- [GOAL OF THE EXERCISE]
What you write must be the listing below in full, word for word, minus its pictures.

*** Opening DATA SHOWN ***

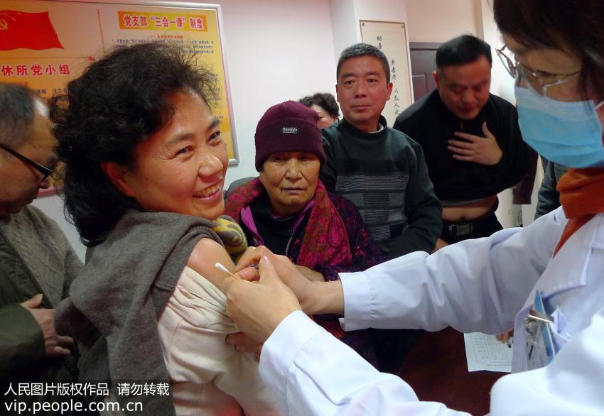 12月27日下午,安徽省淮北市疾病預防控制中心預防接種北大廳的醫務人員來到淮北市軍隊離退休干部休養所,為43名軍休干部注射流感疫苗。(圖片來源:李春輝/人民圖片)
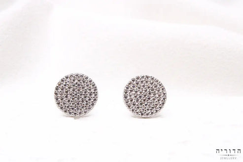 הזרקונים קטנים ומסודרים בצפיפות, מה שנותן מראה אחיד ומלא. הפלטה עגולה לגמרי, והעגיל יושב שטוח על תנוך האוזן.
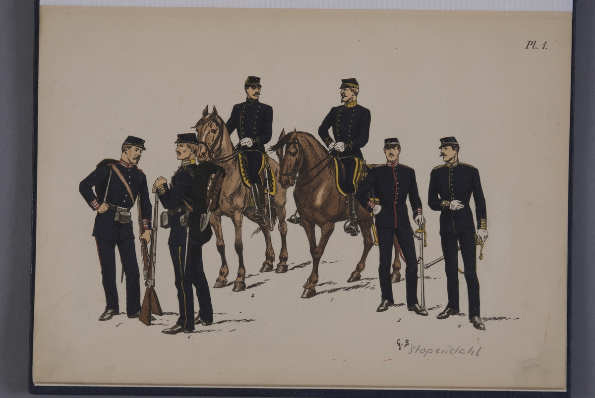 Plansch med uniform för Generalitetet, Generalstaben, Svea livgarde och Andra livgardet. Ingår i planschsamlingen Svenska armén - 7 planscher i färgtryck, utgiven av Otto Holmgren.
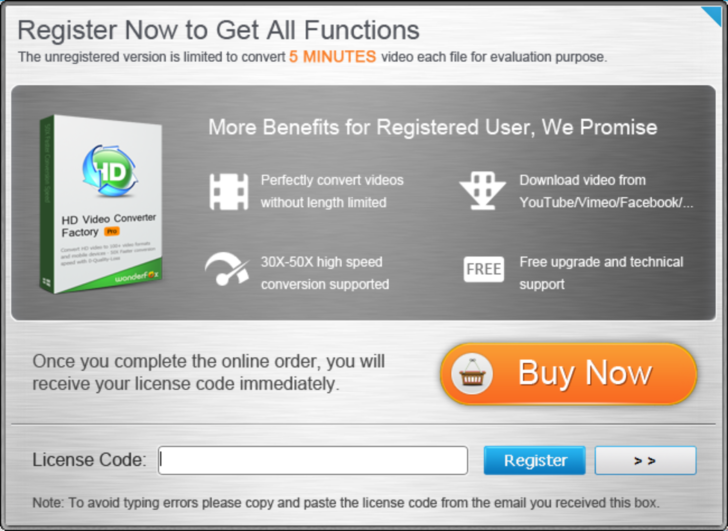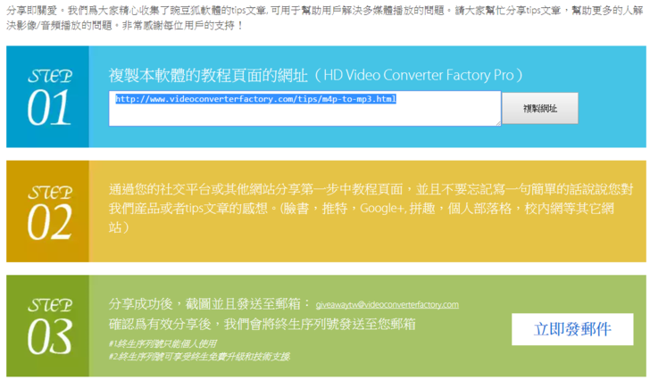 雖然本質上 HD Video Converter Factory Pro 仍舊算是試用版的軟體,雖然全部的軟體功能都可以使用不過並無法升級,印象中第一次使用後會有促銷終身免費版(完全版?)的介紹。不過 WonderFox 設計了一個有機會得到終身免費版的活動只要分享軟體的教程頁面的網址,並且簡單寫下軟體的介紹或感想,分享到 Facebook、Twitter、部落格等地方皆可,然後截圖寄信到 giveawaytw@videoconverterfactory.com,經過審核後就有機會得到 HD Video Converter Factory Pro 終生版序號,未來軟體都可以直接升級使用,並且有官方的技術支援。

*** Closing DATA SHOWN ***

- [SOLUTION TO THIS TASK]
 12月27日下午,安徽省淮北市疾病預防控制中心預防接種北大廳的醫務人員來到淮北市軍隊離退休干部休養所,為43名軍休干部注射流感疫苗。(圖片來源:李春輝/人民圖片)
 הזרקונים קטנים ומסודרים בצפיפות, מה שנותן מראה אחיד ומלא. הפלטה עגולה לגמרי, והעגיל יושב שטוח על תנוך האוזן.
 Plansch med uniform för Generalitetet, Generalstaben, Svea livgarde och Andra livgardet. Ingår i planschsamlingen Svenska armén - 7 planscher i färgtryck, utgiven av Otto Holmgren.
 雖然本質上 HD Video Converter Factory Pro 仍舊算是試用版的軟體,雖然全部的軟體功能都可以使用不過並無法升級,印象中第一次使用後會有促銷終身免費版(完全版?)的介紹。不過 WonderFox 設計了一個有機會得到終身免費版的活動只要分享軟體的教程頁面的網址,並且簡單寫下軟體的介紹或感想,分享到 Facebook、Twitter、部落格等地方皆可,然後截圖寄信到 giveawaytw@videoconverterfactory.com,經過審核後就有機會得到 HD Video Converter Factory Pro 終生版序號,未來軟體都可以直接升級使用,並且有官方的技術支援。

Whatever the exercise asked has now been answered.